Here are Savolainen’s reason why the killing is now getting traction (quotes from the article indented)
a.) Identitarian media bias:
In other words, there is a pronounced tendency to suppress information about black crime, and this racialised double-standard is obvious to millions of Americans. The Zarutska case struck a nerve because it inverted the usual script—a young white female refugee was brutally slain by a black man with a long criminal record on video, and yet the story barely registered in the pages of the legacy press or in headlines of mainstream broadcasters until it exploded on X. And when the story finally did appear in the New York Times, its reporters were less concerned with the circumstances of the murder itself than with how the incident had ignited a “firestorm” on the political Right.

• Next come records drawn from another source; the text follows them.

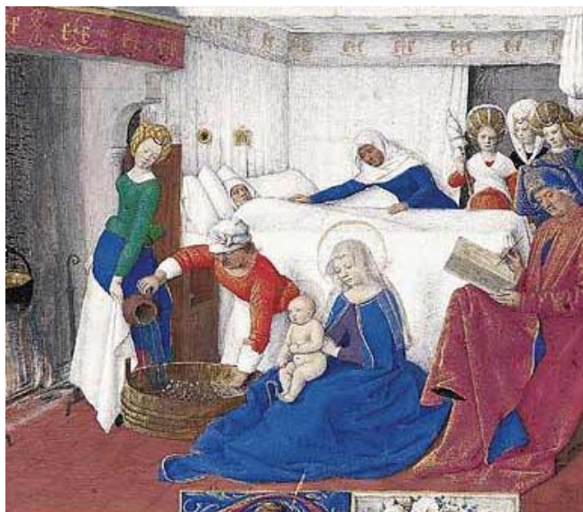
Figura 4. Detalle del primer baño de un recién nacido. Obra de Jean Fouquet (hacia 1452-1460).

Tras el primer baño, la matrona movía las extremidades del recién nacido para comprobar que el pequeño no sufría ningún mal en las mismas. Se trataba de gimnasia neonatal, un examen médico que, como es sabido, aún hoy se hace 52 . Además, el niño debía llorar para demostrar que estaba vivo. Si no lo hacía, la matrona debía comenzar a reanimarlo 53 .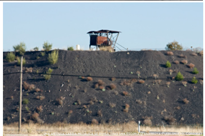
UNA ANTIGUA CABRIA METÁLICA SE DIVISA TRAS UNA ESCORIA (PEÑARROYA-PUEBLONUEVO, CÓRDOBA)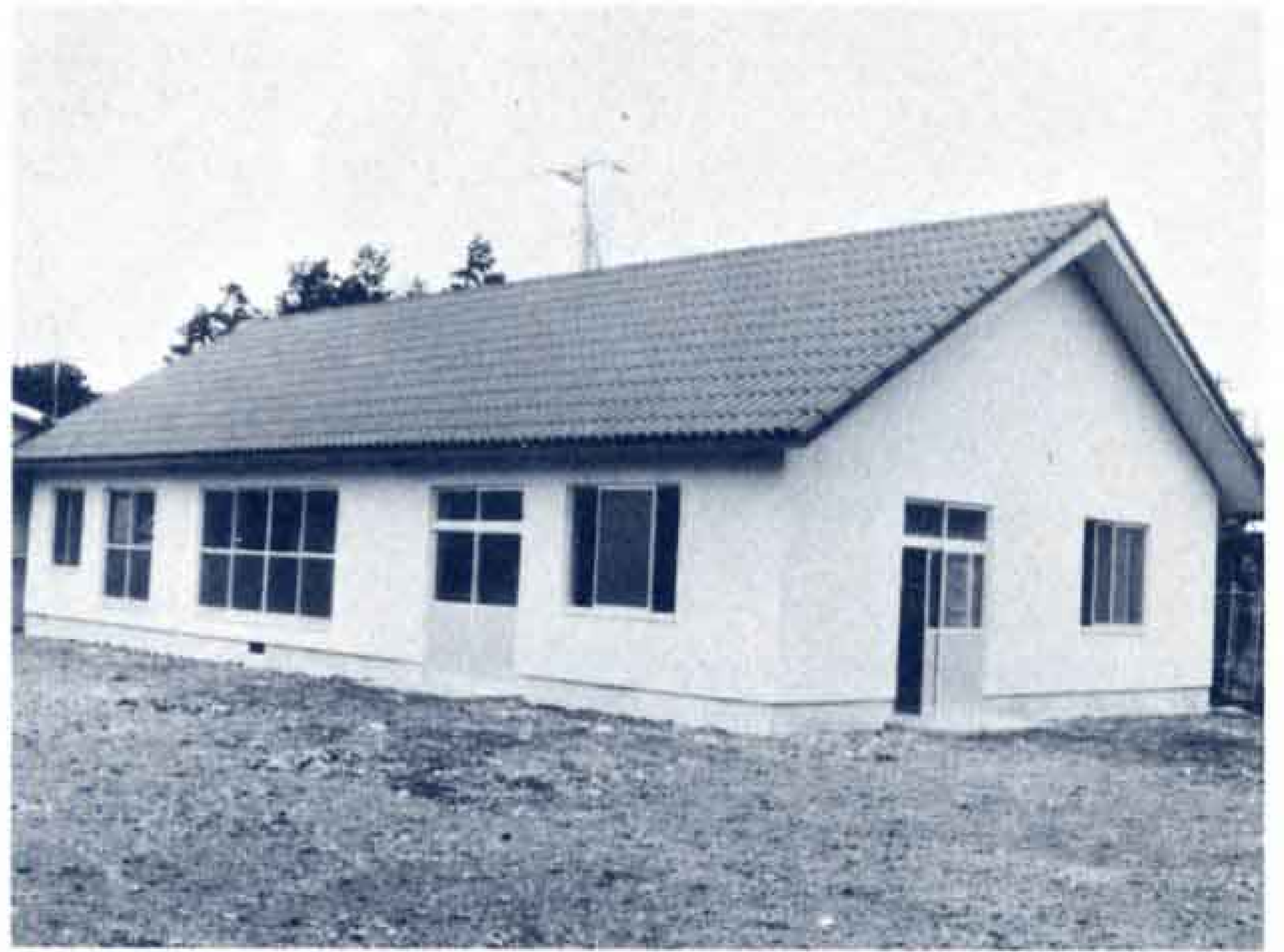
▲4月15日完成した新作業棟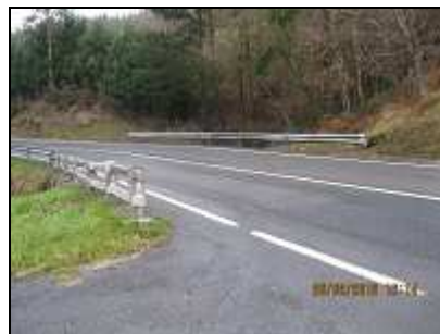
Salida a la carretera de Sollube, dirección Mañuas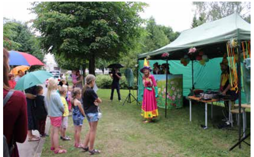
Mazo un lielo priekam "Čučumižas" rūķu vasaras raibumi!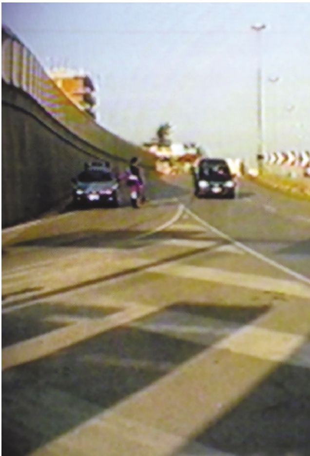
La curva della «231» in cui è avvenuto il tragico incidente

Un morto e tre feriti è il bilancio dell'ennesimo incidente stradale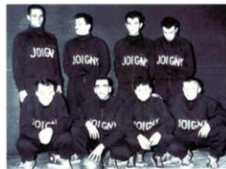
Saison 54 / 55

Il sera membre du comité de l'Yonne de basket entre 1963 et 1996 ensuite il en prend la présidence (1996 à 2008). Il sera aussi membre de la ligue de Bourgogne.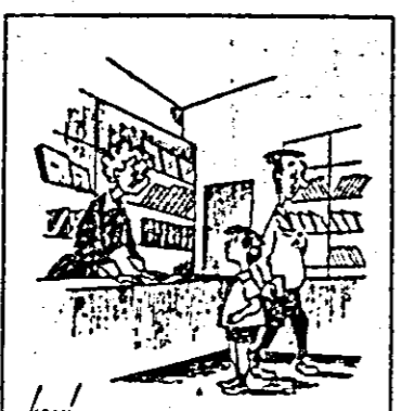
— Eu în locul lui aș prefera să rămîn fără caiete.

Responsabila Librăriei noastre nr. 3 din str. E. Varga nr. 1 are în general, o atîtitudine nepoliticoasă față de cumpărătorii.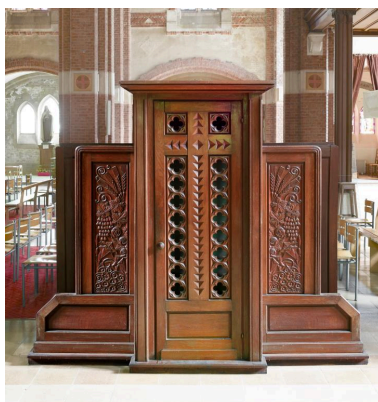
Vue générale de face depuis la nef.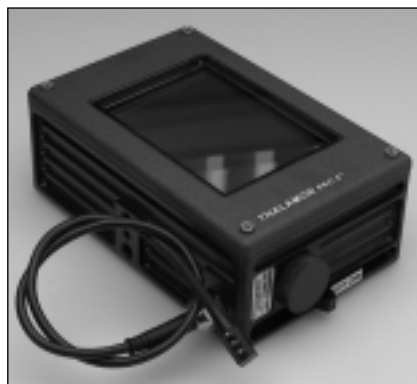
THALAMON PRO 5"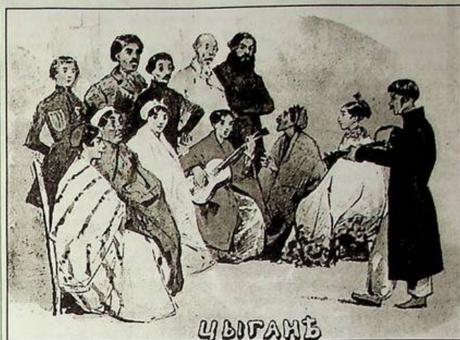
Г.Г. Гагарін. "Цигани". Аquareль. Між 1834 і 1840 р.

У радянський час не любив афішувати творчість "придворної камарильї". На жаль, політика диктувала свої закони. Що б класово далекий художник не малював, його репродукції рідко проривалися до друку. Мабуть, найхарактерніший приклад цього члена товариства передвижників Лемох. Героями цього переконаного демократа від мистецтва були бідні селяни. Пафос його картин був у викритті соціальної нерівності. Але біографія підвела: відомий художник Лемох викладав малювання спадкоємцю престолу. Зараз про нього знають лише фахівці.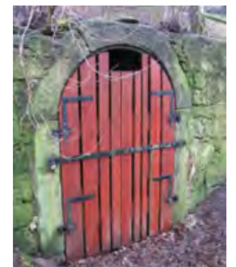
Kellertür mit Fledermausanflugloch.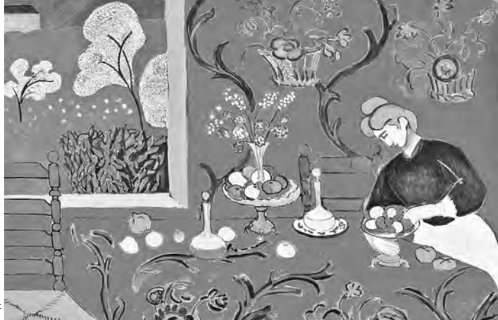
Работу Анри Матисса «Красная комната» можно будет увидеть на выставке в Париже.

Национализированная после Октябрьской революции 1917 года, коллекция Сергея Щукина в 1920-х была объединена с коллекцией Ивана Морозова в Музей нового западного искусства, а в 1948-м после закрытия музея поделена между Эрмитажем и ГМИИ им. А.С. Пушкина. В Париже коллекция Сергея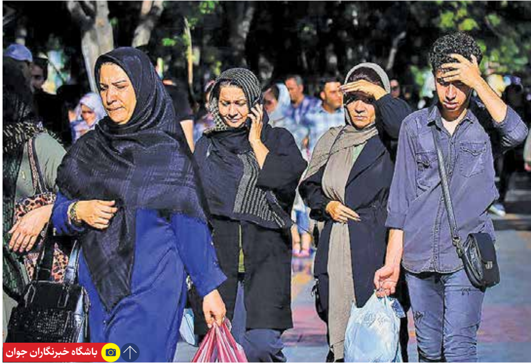
باشگاه خبرنگاران جوان

دمای هوا در هفته آینده به ۴۸ درجه هم می‌رسد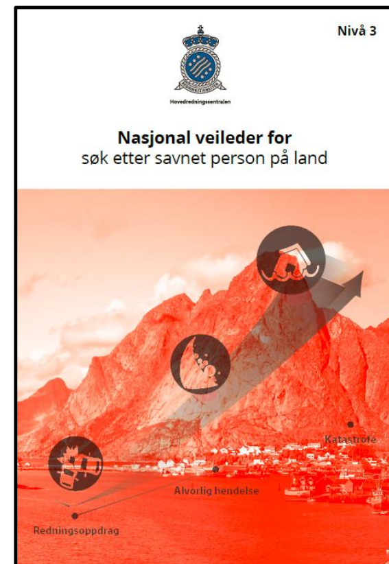
Nivå 3 «taktisk nivå»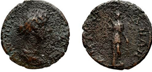
Fig. 5: Amastris sikkesi, II. Faustina adına 50 .

Amastris'in II. Faustina 51 ; Sinope'nin I. Maximinus 52 ; Tieion/Tium'un Iulia Domna 53 adına basılan sikkelerin arka yüzünde bu tasvir yer almaktadır.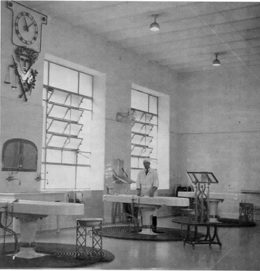
Primera Sala de Autopsias de la Morgue Judicial.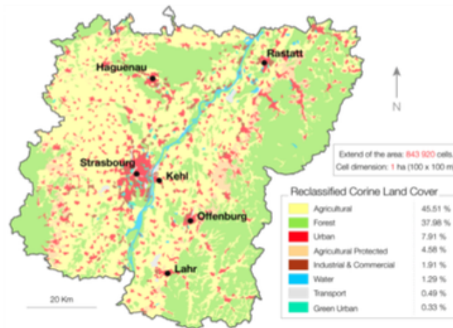
FIGURE 1 – Occupation du sol sur la zone d'étude

mocratisée notamment par R. White G. Engelen (1993), M. Batty Y. Xie (1994, 1997), Clarke et al. (1997) pour ne citer que quelques exemples. L'automate cellulaire a été choisi ici, pour sa simplicité d'utilisation et de compréhension, ainsi que pour son potentiel concernant l'observation et la caractérisation de phénomènes/processus émergents. Comme le souligne W. Tobler (1970) « ce n'est pas parce qu'un processus paraît compliqué qu'il y a cependant une raison de supposer que c'est le résultat d'une règle compliquée ». C'est en s'appuyant sur cette idée que l'utilisation d'un automate cellulaire pour la simulation du développement urbain, prend tout son sens. L'automate cellulaire utilisé est LucSim, développé au sein du laboratoire ThéMA pour répondre aux besoins spécifiques de l'étude et de la méthodologie développée.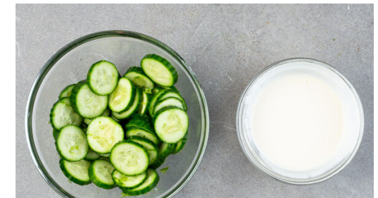
Die 1/2 des Limettensafts mit 6EL Mayonnaise verrühren. Die Gurke in Scheiben schneiden, dann mit dem restlichen Limettensaft , der Limettenschale und 1/2TL Salz vermengen. Den Fisch und das Gemüse aus dem Ofen nehmen, mit dem Gurkensalat auf Tellern anrichten und mit dem Limettendip servieren.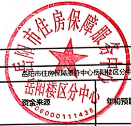
2025年度项目支出绩效自评表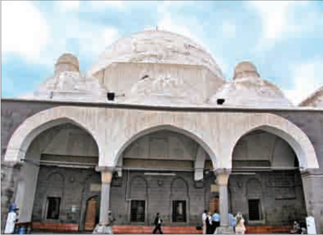
Şekil 5. Camii güney cephesi (Avlu kuzey görünüşü).

Avlu portalinin kuzeyinde bir türbe bulunmaktadır. Bu türbenin arkasında ise günümüzde etrafı tamamen yüksek duvarlarla çevrili 19 mezarın bulunduğu harap bir hazire yer almaktadır. Bu haliyle Bekiriye Camii, güneyde avlu, kuzeyde yol, batıda hazire ve doğuda sonradan yapının ana beden duvarına eklenen, günümüzde ise kadınların ibadet etmesi için ayrılmış, kuzeydeki yol aracılığı ile caminin dışından ulaşılan bir mekân ile çevrelenmiştir. Avlunun kuzeyinde caminin üç kubbeli son cemaat bölümü, güneyinde su deposu ve abdest alma bölümü ve hamam olduğu düşünülen dört kubbeli bir yapı, batısında taş kapı ve doğusunda revaklı bir bölüm bulunmaktadır (Şekil 5-6).

b.) Urban disorder and impunity in the Post-Floyd Era:
As Kat Rosenfield has argued, “we have fallen for the misguided idea that compassion and permissiveness are one and the same.” In practice, the taboo against insisting on order and decency has meant abandoning shared spaces—trains, platforms, sidewalks—to the most disturbed and dangerous people among us. The Daniel Penny saga, meanwhile, taught bystanders a cruel lesson: if you intervene, you may be punished, so the safest course is to do nothing.
c.) The victim herself:
Finally, this senseless crime resonated because of who Iryna Zarutska was. She was neither a career criminal nor a drug dealer nor any other kind of lawbreaker participating in a dangerous lifestyle. She was a young woman who had fled war, found work in America, and was heading home from her shift when she was stabbed three times by a stranger for no reason. Compare her to the individuals elevated into icons by the social-justice movement. George Floyd had a long criminal history for which he had served several jail terms; Breonna Taylor’s boyfriend was a drug dealer; Michael Brown assaulted a store clerk minutes before his fatal encounter with a police officer. Yet their deaths, tragic as they were, were transfigured into myths of oppression and sainthood.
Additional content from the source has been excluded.